As the numbers increase, the fraction gets closer and closer to a particular value, which to six decimal places is 1.618034. In fact, it is exactly equal to (1+√5)/2, and is usually denoted by the symbol φ (the Greek letter phi). This number is irrational: that is, it cannot be represented by the ratio of two integers – no fraction can be exactly equal to it. In fact, it was one of the earliest irrational numbers discovered, after the square root of two, and it was known to the ancient Greeks in the context of the geometry of pentagons.

The fractions that appear in phyllotaxis are also ratios of Fibonacci numbers, but instead of using consecutive members of the sequence, the numerator (top) and denominator (bottom) are spaced two steps apart. Moreover, the larger number is the denominator, not the numerator. A typical case is 5/13, constructed from the portion of the Fibonacci sequence that reads 5, 8, 13. The first few fractions of this type are:

Again we see a pattern: the fractions get closer and closer to a particular number, this time 0.381966. This number is closely related to φ. In fact, some simple algebra shows that the exact value is 2-φ.

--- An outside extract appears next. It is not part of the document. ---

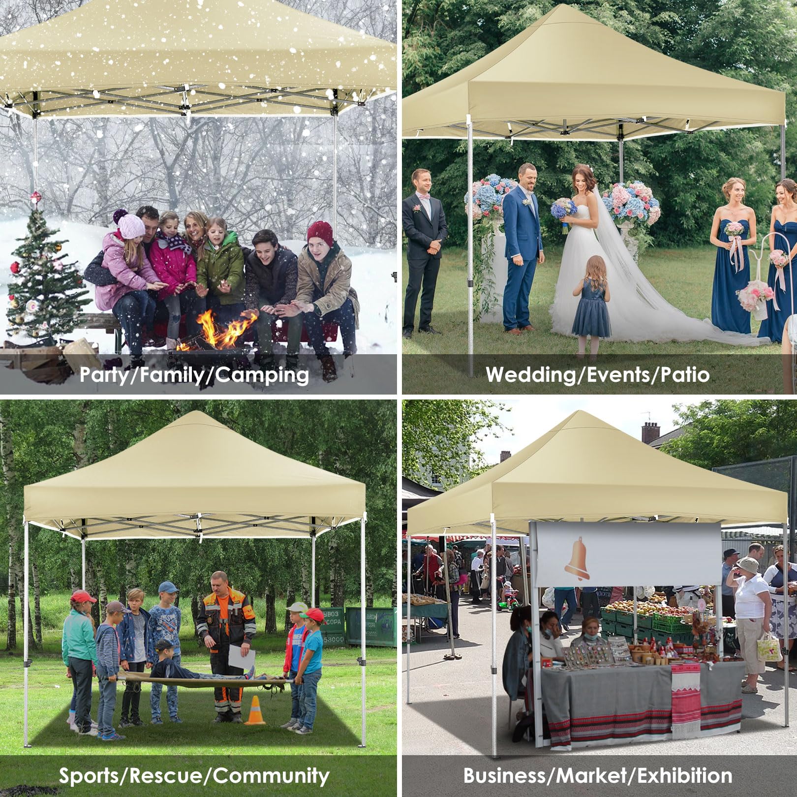 - Easy setup, 3 height positions: 1–2 people can set it up quickly in a short time, no tools required. The gazebo can be set to 3 heights, adjustable between 310, 319 to 328 cm, suitable for different usage scenarios, you can adjust your canopy according to your wishes. This commercial canopy is suitable for as outdoor events, camping, sports, weddings, picnics, barbecues and different commercial purposes.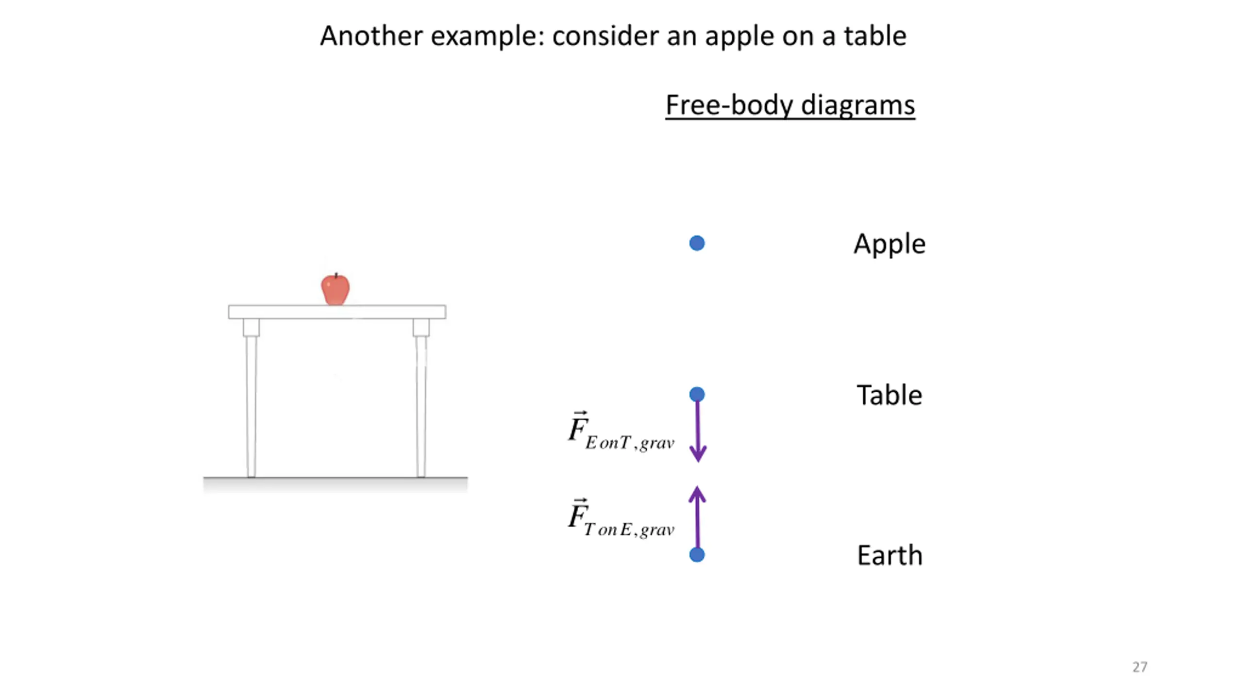 Another example: consider an apple on a table Free-body diagrams T onA contact F , Apple Table AonT contact F , Earth 26

The special properties of the golden number φ provide an alternative interpretation. Suppose we divide a full circle (360°) into two arcs that are in golden ratio. That is, the angle determined by the larger arc is φ times the angle determined by the smaller arc. Then the smaller arc is 1/(1+φ) times a full circle. Numerically, this expression is 0.381966: the number derived above. A bit more algebra confirms that this relationship is exact. Numerically, this angle is very close to 137.5°, and it is called the golden angle.

The upshot of all this is that we can interpret the fractions observed in phyllotaxis as approximations to the golden angle. That’s all very well, but so far we have just replaced one mathematical puzzle by two others. The occurrence of Fibonacci numbers in flowers now seems to depend on a special angle and a sequence of related fractional approximations. Why this angle, and why these fractions?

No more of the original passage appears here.